**THE PROBLEM**
Every line of the data below is to be duplicated exactly, pictures excepted.

**SOURCE MATERIAL**
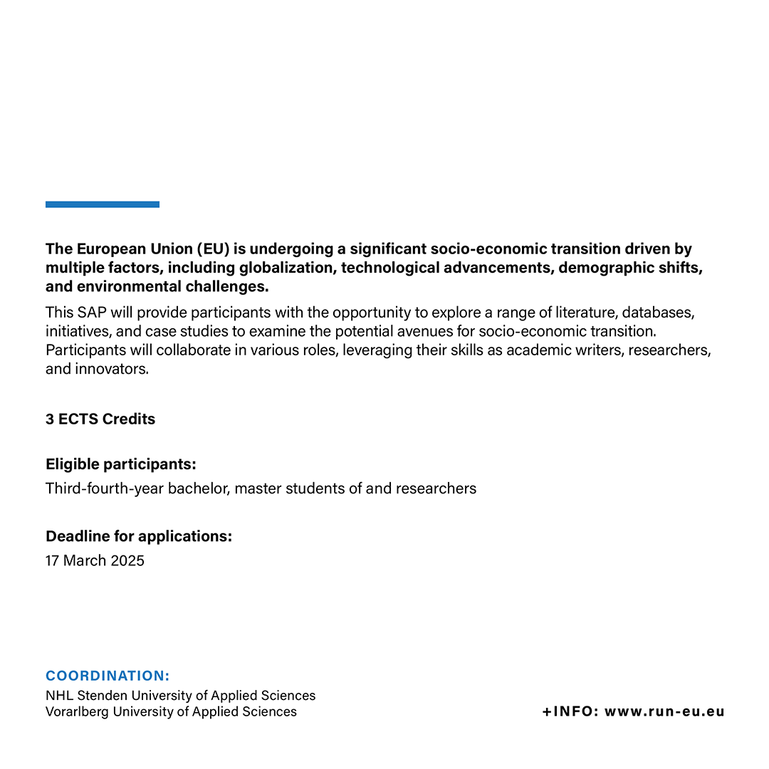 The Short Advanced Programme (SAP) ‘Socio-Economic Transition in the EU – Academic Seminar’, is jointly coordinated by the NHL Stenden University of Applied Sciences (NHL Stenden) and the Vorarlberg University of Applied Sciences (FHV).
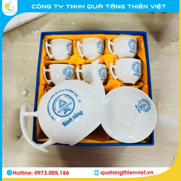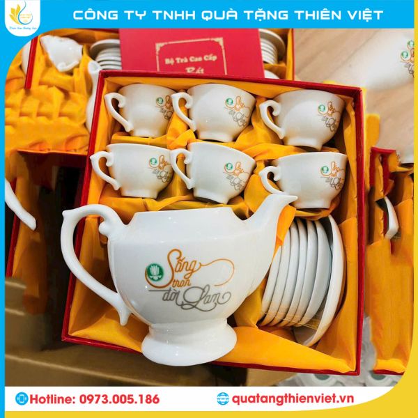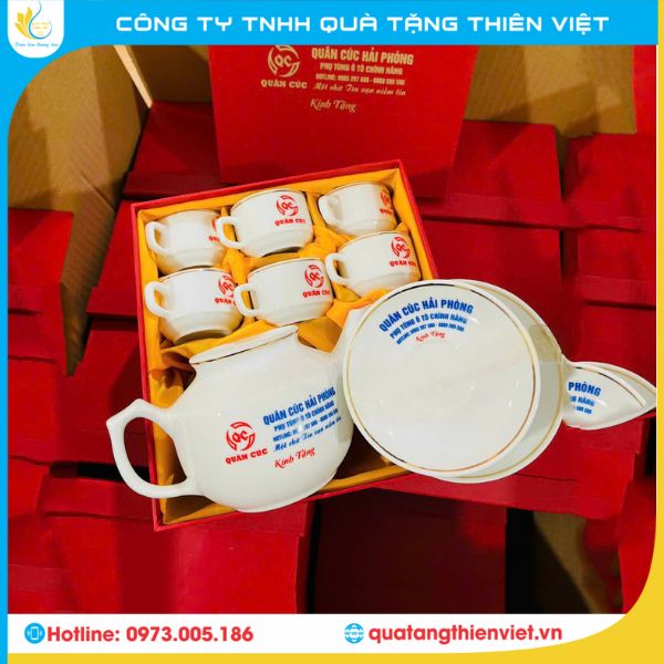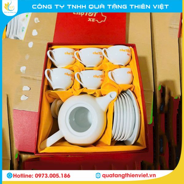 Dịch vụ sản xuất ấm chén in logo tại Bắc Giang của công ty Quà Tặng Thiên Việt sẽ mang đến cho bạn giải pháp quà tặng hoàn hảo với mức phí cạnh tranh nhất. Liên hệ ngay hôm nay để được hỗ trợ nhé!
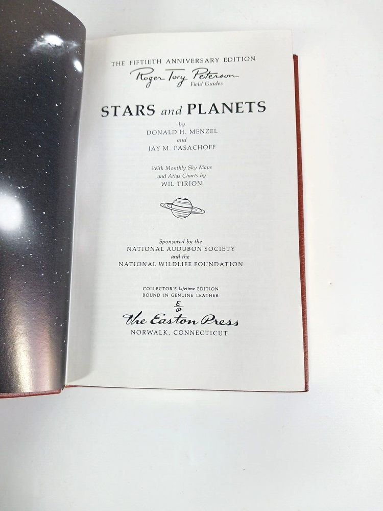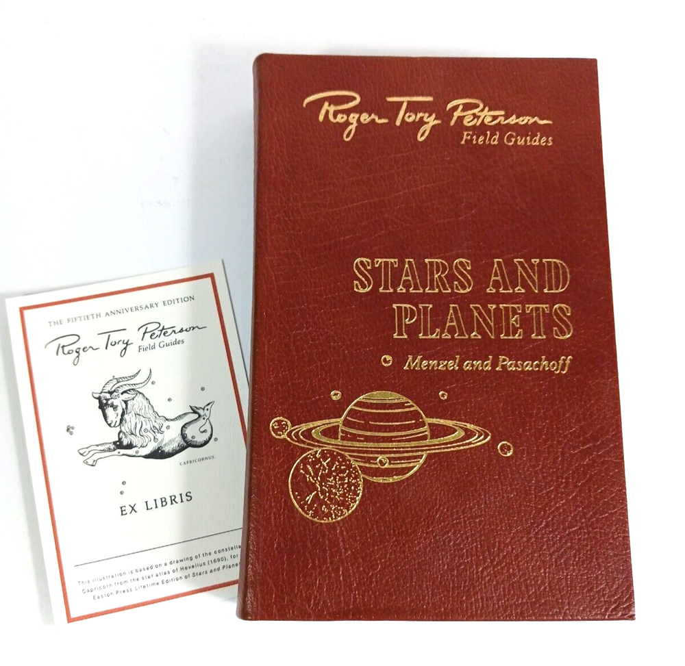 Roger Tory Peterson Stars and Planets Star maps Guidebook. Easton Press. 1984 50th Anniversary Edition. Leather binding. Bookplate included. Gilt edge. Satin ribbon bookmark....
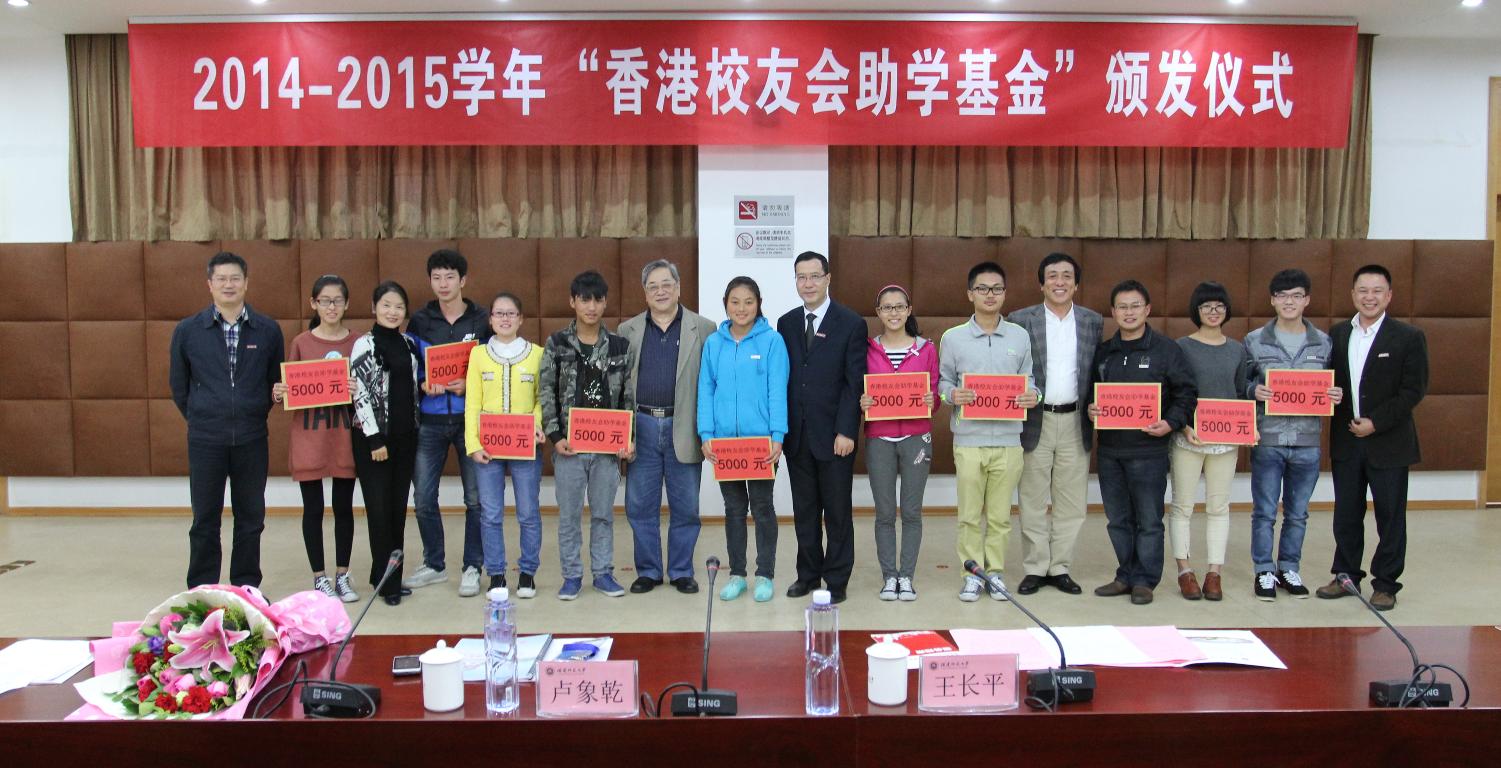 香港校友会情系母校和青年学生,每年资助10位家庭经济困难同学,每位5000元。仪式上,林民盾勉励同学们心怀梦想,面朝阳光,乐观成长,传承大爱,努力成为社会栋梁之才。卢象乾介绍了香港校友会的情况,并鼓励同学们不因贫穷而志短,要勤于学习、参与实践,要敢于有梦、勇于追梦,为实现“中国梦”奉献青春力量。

**RESPONSE BOX**
 The Short Advanced Programme (SAP) ‘Socio-Economic Transition in the EU – Academic Seminar’, is jointly coordinated by the NHL Stenden University of Applied Sciences (NHL Stenden) and the Vorarlberg University of Applied Sciences (FHV).
 Dịch vụ sản xuất ấm chén in logo tại Bắc Giang của công ty Quà Tặng Thiên Việt sẽ mang đến cho bạn giải pháp quà tặng hoàn hảo với mức phí cạnh tranh nhất. Liên hệ ngay hôm nay để được hỗ trợ nhé!
 Roger Tory Peterson Stars and Planets Star maps Guidebook. Easton Press. 1984 50th Anniversary Edition. Leather binding. Bookplate included. Gilt edge. Satin ribbon bookmark....
 香港校友会情系母校和青年学生,每年资助10位家庭经济困难同学,每位5000元。仪式上,林民盾勉励同学们心怀梦想,面朝阳光,乐观成长,传承大爱,努力成为社会栋梁之才。卢象乾介绍了香港校友会的情况,并鼓励同学们不因贫穷而志短,要勤于学习、参与实践,要敢于有梦、勇于追梦,为实现“中国梦”奉献青春力量。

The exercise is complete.